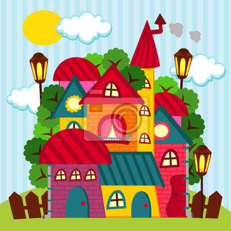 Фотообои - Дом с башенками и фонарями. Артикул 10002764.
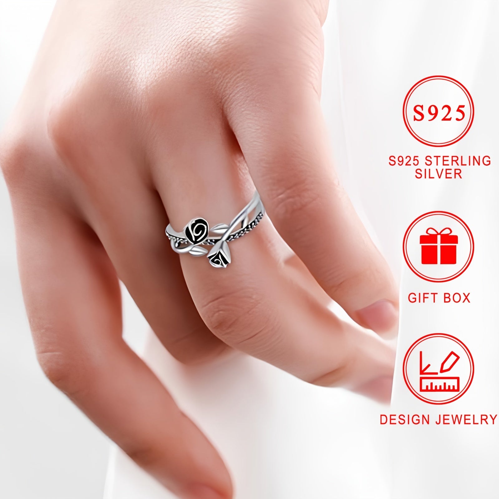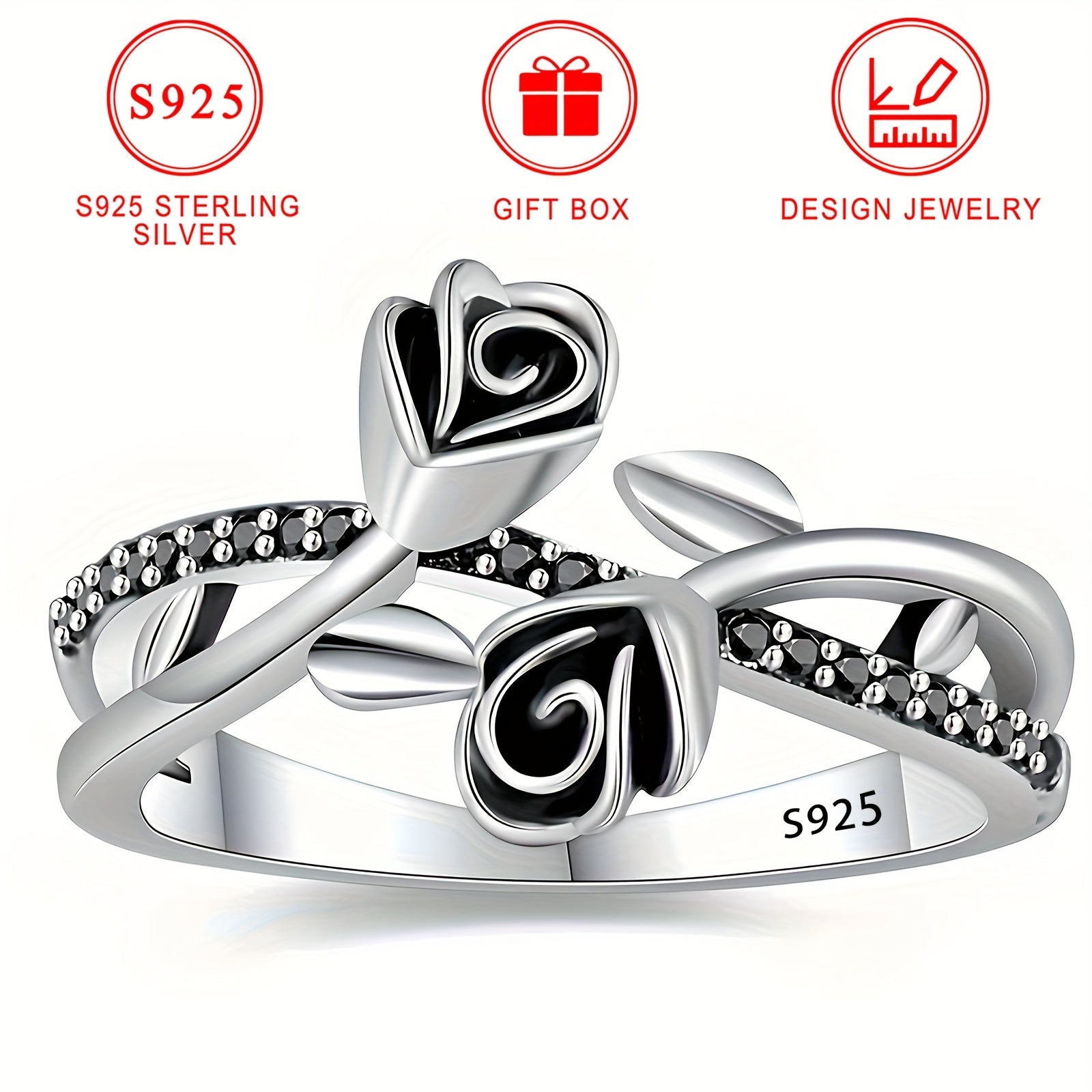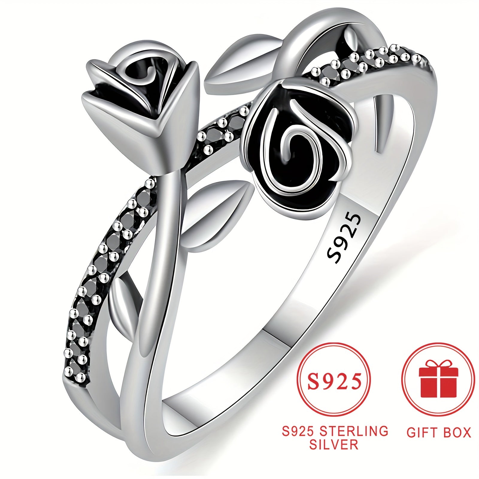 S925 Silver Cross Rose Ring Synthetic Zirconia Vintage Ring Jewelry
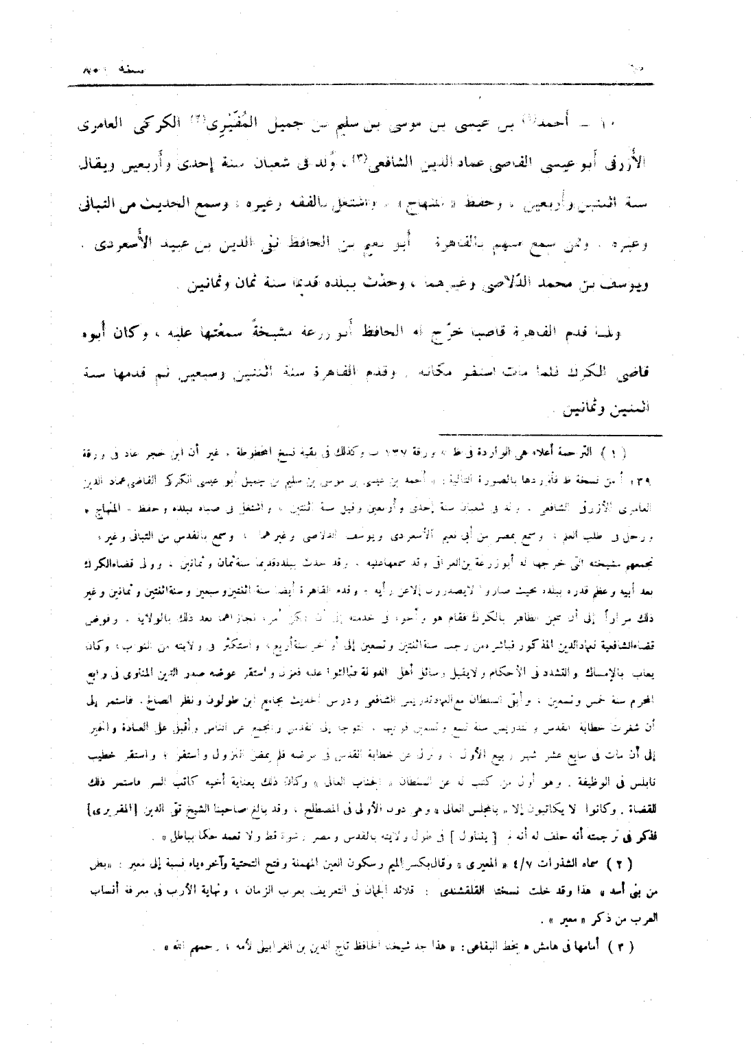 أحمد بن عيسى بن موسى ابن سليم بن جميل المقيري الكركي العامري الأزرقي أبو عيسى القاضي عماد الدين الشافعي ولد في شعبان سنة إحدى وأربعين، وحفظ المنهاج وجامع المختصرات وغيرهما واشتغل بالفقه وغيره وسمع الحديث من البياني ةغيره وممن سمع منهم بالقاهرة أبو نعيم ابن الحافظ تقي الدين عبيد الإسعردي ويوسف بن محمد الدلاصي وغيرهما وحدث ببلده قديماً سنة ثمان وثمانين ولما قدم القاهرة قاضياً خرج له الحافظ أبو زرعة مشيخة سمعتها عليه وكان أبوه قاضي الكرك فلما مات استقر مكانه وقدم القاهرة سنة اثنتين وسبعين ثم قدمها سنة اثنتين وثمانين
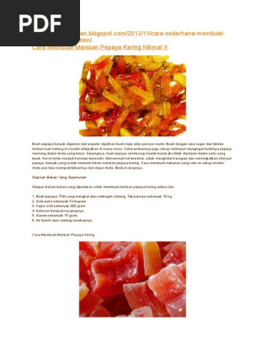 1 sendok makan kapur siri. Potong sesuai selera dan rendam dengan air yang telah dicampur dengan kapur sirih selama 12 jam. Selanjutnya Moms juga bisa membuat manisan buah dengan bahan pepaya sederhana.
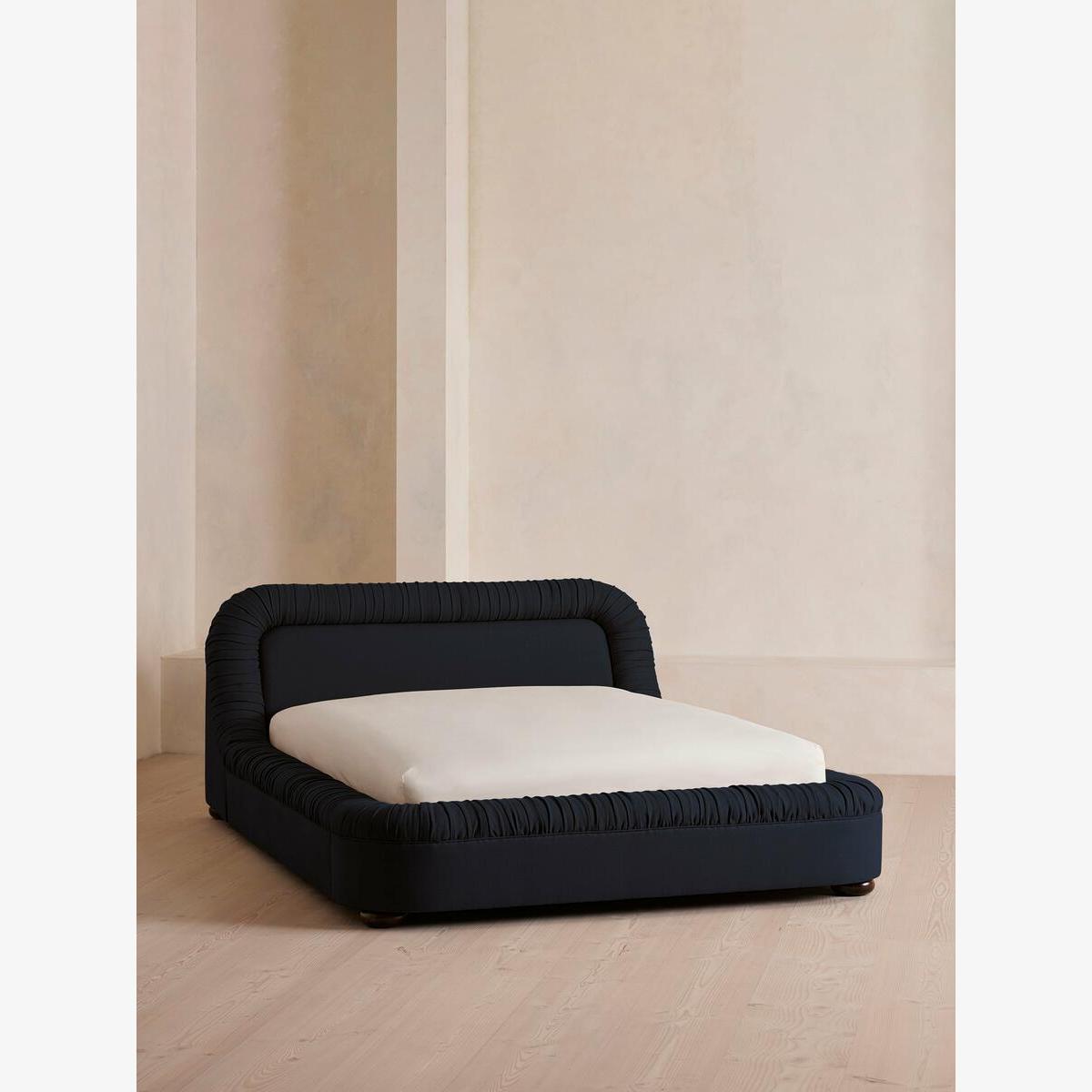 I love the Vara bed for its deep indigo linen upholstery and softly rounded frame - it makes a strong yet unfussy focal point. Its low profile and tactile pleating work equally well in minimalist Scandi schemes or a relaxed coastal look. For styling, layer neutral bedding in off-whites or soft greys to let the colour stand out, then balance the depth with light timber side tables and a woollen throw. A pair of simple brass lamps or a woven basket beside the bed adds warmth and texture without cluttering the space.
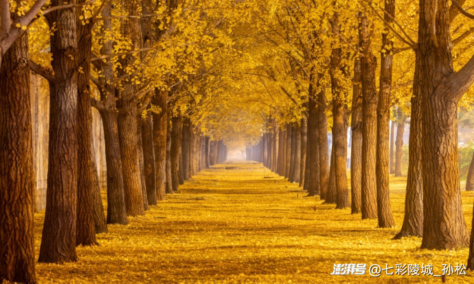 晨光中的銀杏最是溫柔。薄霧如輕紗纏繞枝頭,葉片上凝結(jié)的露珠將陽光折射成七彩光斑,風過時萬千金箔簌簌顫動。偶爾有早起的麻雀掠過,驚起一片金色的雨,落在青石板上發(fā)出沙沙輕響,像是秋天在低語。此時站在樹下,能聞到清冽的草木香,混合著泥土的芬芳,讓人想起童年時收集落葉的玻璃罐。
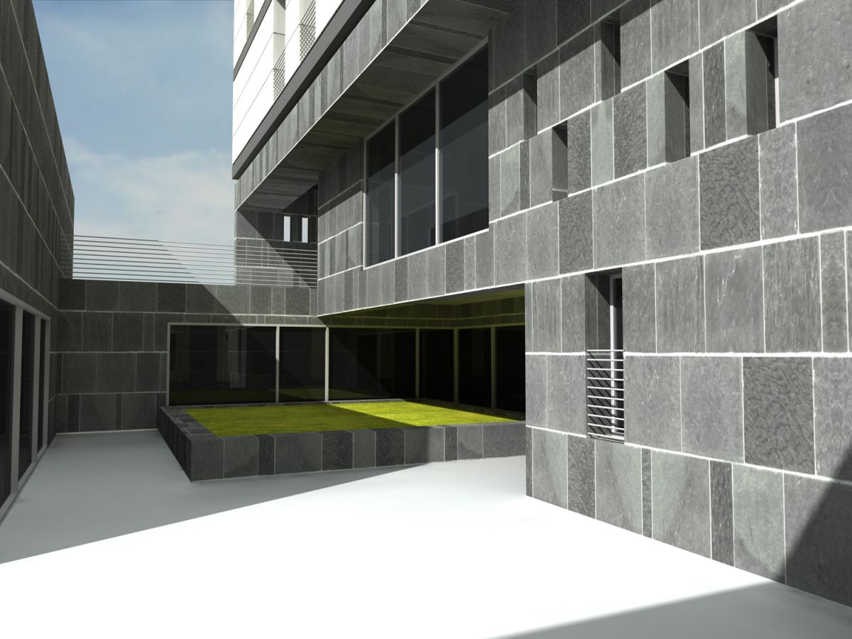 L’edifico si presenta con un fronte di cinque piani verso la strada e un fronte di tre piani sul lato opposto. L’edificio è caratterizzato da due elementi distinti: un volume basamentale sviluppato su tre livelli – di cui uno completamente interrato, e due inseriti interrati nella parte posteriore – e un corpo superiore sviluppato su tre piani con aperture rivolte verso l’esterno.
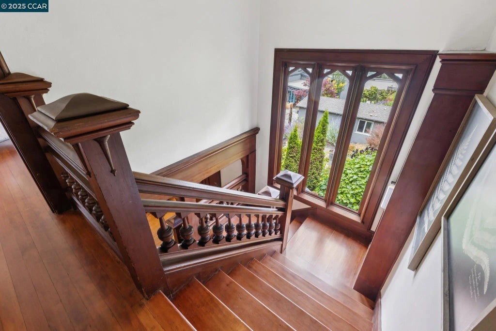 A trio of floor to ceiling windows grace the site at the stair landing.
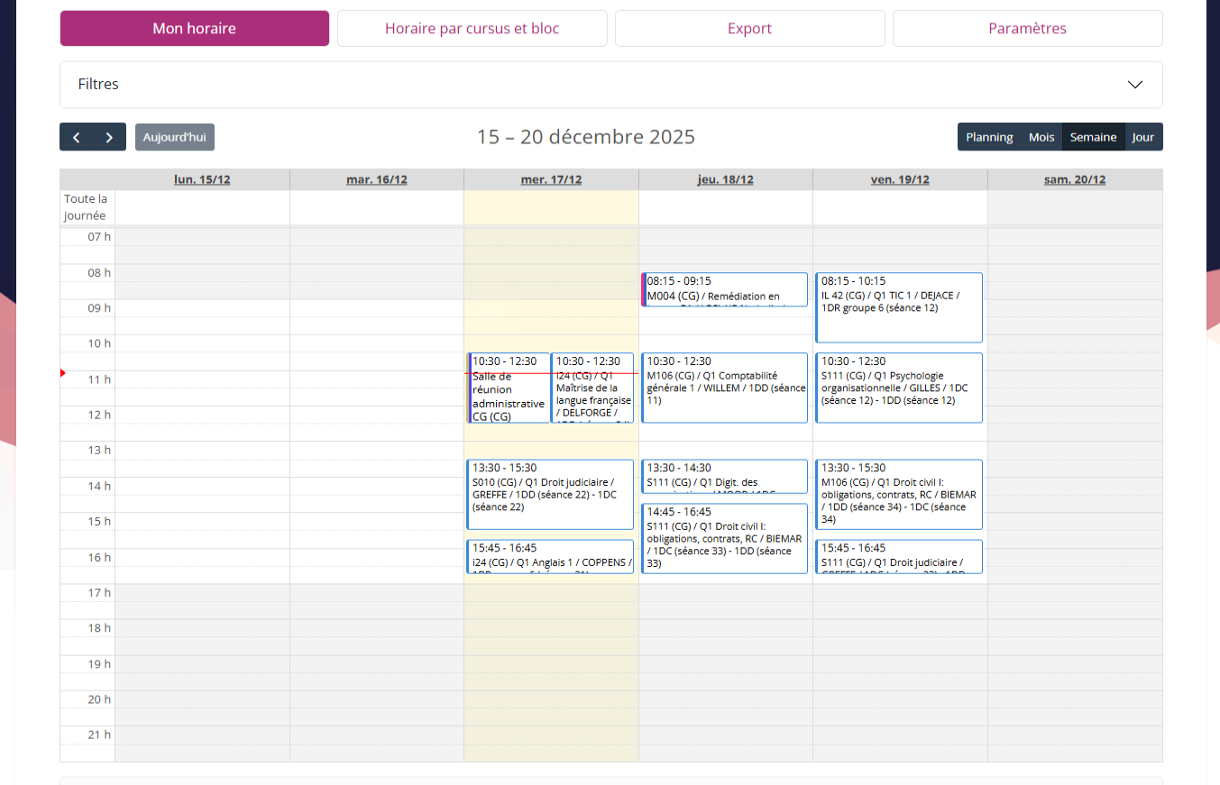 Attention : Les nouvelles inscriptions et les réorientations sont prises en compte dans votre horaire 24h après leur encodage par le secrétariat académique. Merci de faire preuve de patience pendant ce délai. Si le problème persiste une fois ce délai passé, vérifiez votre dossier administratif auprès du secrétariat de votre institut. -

What you will do: Please print exactly the lines running from the line with "L’edifico si presenta" through the final line of the material, and nothing more. Keep pictures out.

Result:
 L’edifico si presenta con un fronte di cinque piani verso la strada e un fronte di tre piani sul lato opposto. L’edificio è caratterizzato da due elementi distinti: un volume basamentale sviluppato su tre livelli – di cui uno completamente interrato, e due inseriti interrati nella parte posteriore – e un corpo superiore sviluppato su tre piani con aperture rivolte verso l’esterno.
 A trio of floor to ceiling windows grace the site at the stair landing.
 Attention : Les nouvelles inscriptions et les réorientations sont prises en compte dans votre horaire 24h après leur encodage par le secrétariat académique. Merci de faire preuve de patience pendant ce délai. Si le problème persiste une fois ce délai passé, vérifiez votre dossier administratif auprès du secrétariat de votre institut. -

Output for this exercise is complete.